The problem:
With the line containing "Чёрный цвет делает" as the final line, restate exactly every line of the data below from the first one onward, and copy no pictures.

Data records
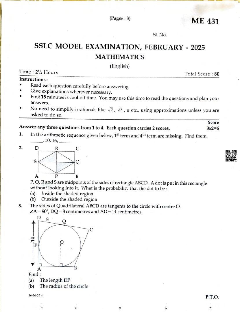 The Kerala Board SSLC Model Exam 2026 Question Paper of Maths is as follows. This can also be used as a Kerala Sample Question Paper for SSLC class 10, for the Maths subject test.
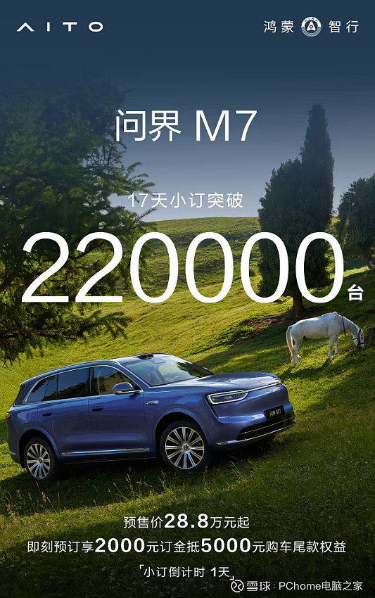 9月22日,微博博主我鸿分享称,全新问界M7在上市前已获得超过22万台小订订单,仅用时17天,显示出较强的市场热度。新车预售价为28.8万元起。问界M7提供六种车身颜色选择,包括海岛蓝、暖云白、牧野青、珊瑚红、星际蓝和鎏金黑
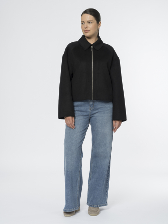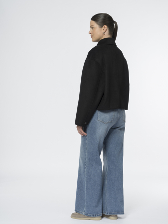 Чёрный цвет делает короткое пальто даблфейс универсальным – оно подойдёт к любой одежде.
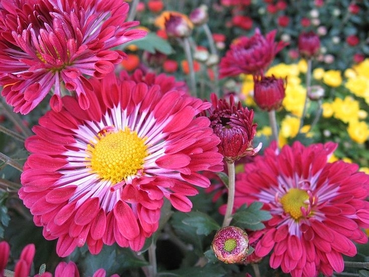 Название сорта отражает его необычную особенность: цветки напоминают узоры традиционной вышивки. Хризантема имеет яркую окраску и может иметь разные оттенки красного, иногда с эффектными градиентами, плавно переходящими от более тёмной основы к более светлым кончикам. Середина цветка может быть жёлтой или зеленоватой. Период цветения у этого сорта начинается в августе и продолжается до конца октября или до первых заморозков. Хризантема Вышиванка – это корейский среднерослый сорт, который выделяется своим необычным внешним видом. Цветок напоминает вышитую картину, где лепестки вуально собраны вокруг центра. Сорт среднецветковый, диаметр составляет 6-7 см.
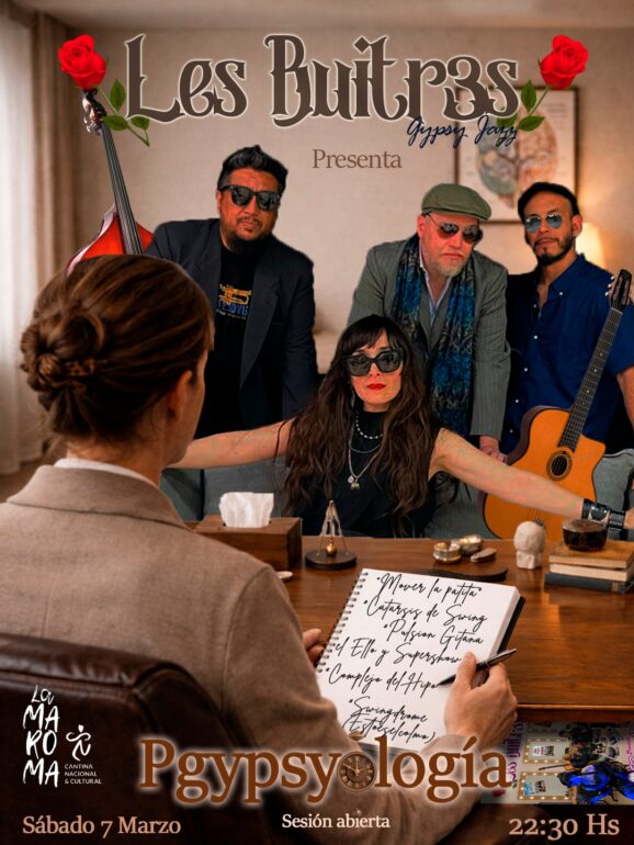 Este sábado desde las 22:30, Cantina La Maroma (Alvear 42) será el escenario de una noche única con la presentación de «Gypsyología», el nuevo espectáculo de Les Buitr3s. Una propuesta que fusiona música y humor a partir de un ingenioso cruce entre el Gypsy jazz y la psicología, para indagar —en clave de «sesión abierta»— qué tipo de «Swingdrome» tiene al público «entreverado».
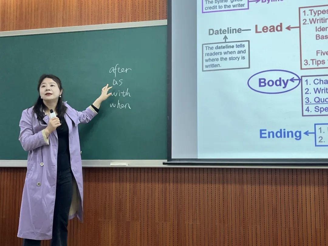 第一节课是赵丽君老师的《英语新闻写作》课程。本次课程的主题是“如何让通讯稿的正文部分更加客观真实”。赵丽君老师通过对比大量正反案例、写板书规范引语标点等,从如何撰写引用语、插入语以及如何穿插背景材料三个方面仔细讲授了本讲内容。
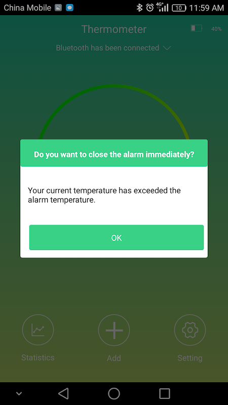 شما می توانید درجه حرارت زنگ خود را تنظیم کنید. هنگامی که شما بیش از درجه حرارت زنگ تعیین شده توسط شما، این برنامه را حفظ خواهد کرد به یاد تو (تلفن را حفظ خواهد کرد به زنگ زدن تا زمانی که زنگ به شما نزدیک) در حال حاضر آن است که تخلیه، بنابراین شما می توانید اقدامات ضد تب موقع را
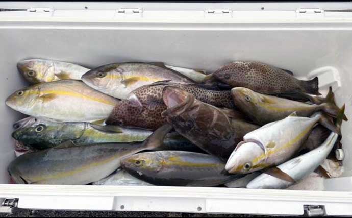 三重県・大紀町の錦から出船している喜盛丸では、13日にタテ釣りで出船し、カンパチ60~65cm5匹とシオ25匹、イナダ5匹とワラサ、オオモンハタ15匹など多彩に大漁。また、同日に同店のレンタルボートを利用した伊藤さんがアオリイカ8匹を、岡本さんら2人がシオ15匹とワラサ、イナダやオオモンハタなどをゲットし大漁。
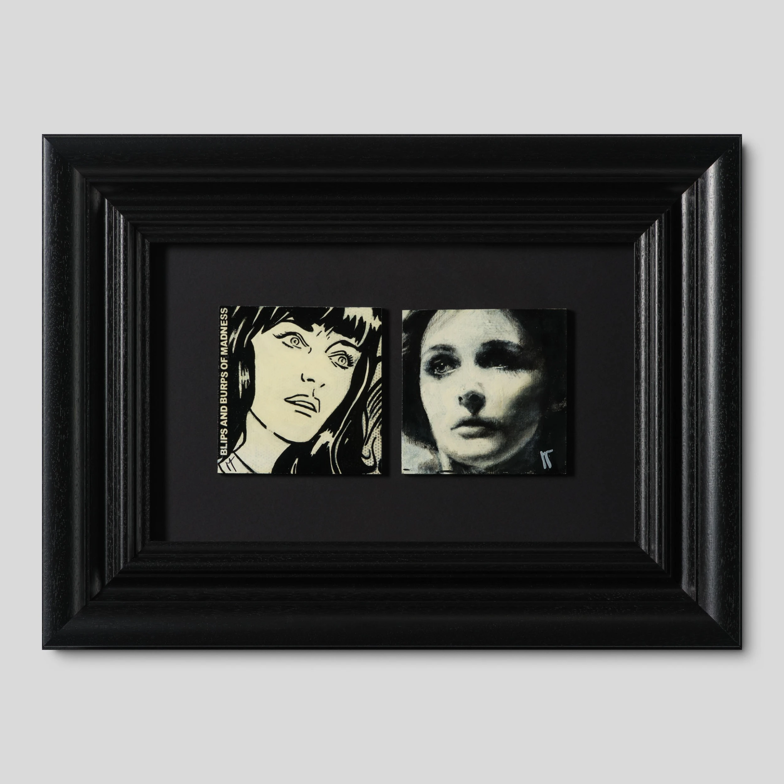 Jones’s work is a culmination of influences from Lichtenstein, whose work was influenced by popular advertising and the comic book style of the early 1960s; Basquiat, with his raw gestural style of painting with graffiti-like images and scrawled text; Rembrandt, a personal hero of Jon’s, considered one of the greatest storytellers in art and unusually gifted in capturing moods and Joshua Reynolds the leading portrait painter of the 18th Century. These influences contributed to Jon Jones personal portrait style he’s known for. Bespoke framed and mounted in textured black radiata pine, this original painting will add a dark and sultry touch to any space.
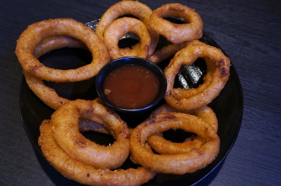 サイドメニューのオニオンリング。新しい油でカリッとあがってる!真ん中のはちょっと甘めな自家製スイートチリソース。全メニューボリュームあるせいか、客層は男性が多め。サイド頼んだら満腹になること確実です。食べてすぐに帰って行く人多いので、回転率も良さそう。行列できてても、わりとすぐ入れます。
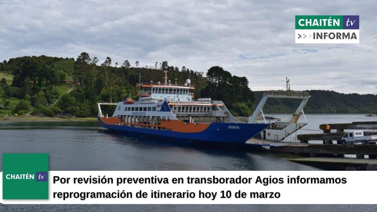 Por revisión preventiva en transborador Agios informamos reprogramación de itinerario hoy 10 de marzo RutaChaitén
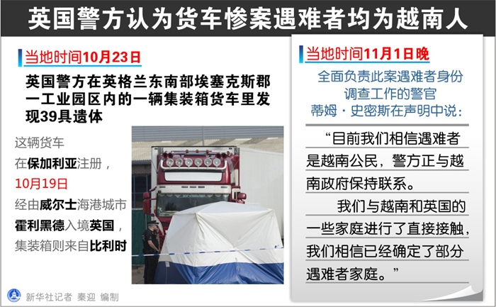 新華社倫敦11月1日電(記者張代蕾)英國埃塞克斯郡警方11月1日晚發表聲明說,警方目前認為上月發生的貨車慘案39名遇難者均為越南人。
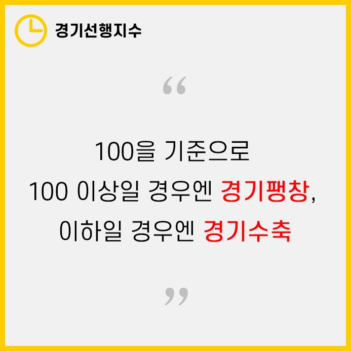 선행지수는 100을 기준으로 100이상이 될 때는 경기팽창, 100이하일 때는 경기수축으로 판단합니다.

Task output:
 The Kerala Board SSLC Model Exam 2026 Question Paper of Maths is as follows. This can also be used as a Kerala Sample Question Paper for SSLC class 10, for the Maths subject test.
 9月22日,微博博主我鸿分享称,全新问界M7在上市前已获得超过22万台小订订单,仅用时17天,显示出较强的市场热度。新车预售价为28.8万元起。问界M7提供六种车身颜色选择,包括海岛蓝、暖云白、牧野青、珊瑚红、星际蓝和鎏金黑
 Чёрный цвет делает короткое пальто даблфейс универсальным – оно подойдёт к любой одежде.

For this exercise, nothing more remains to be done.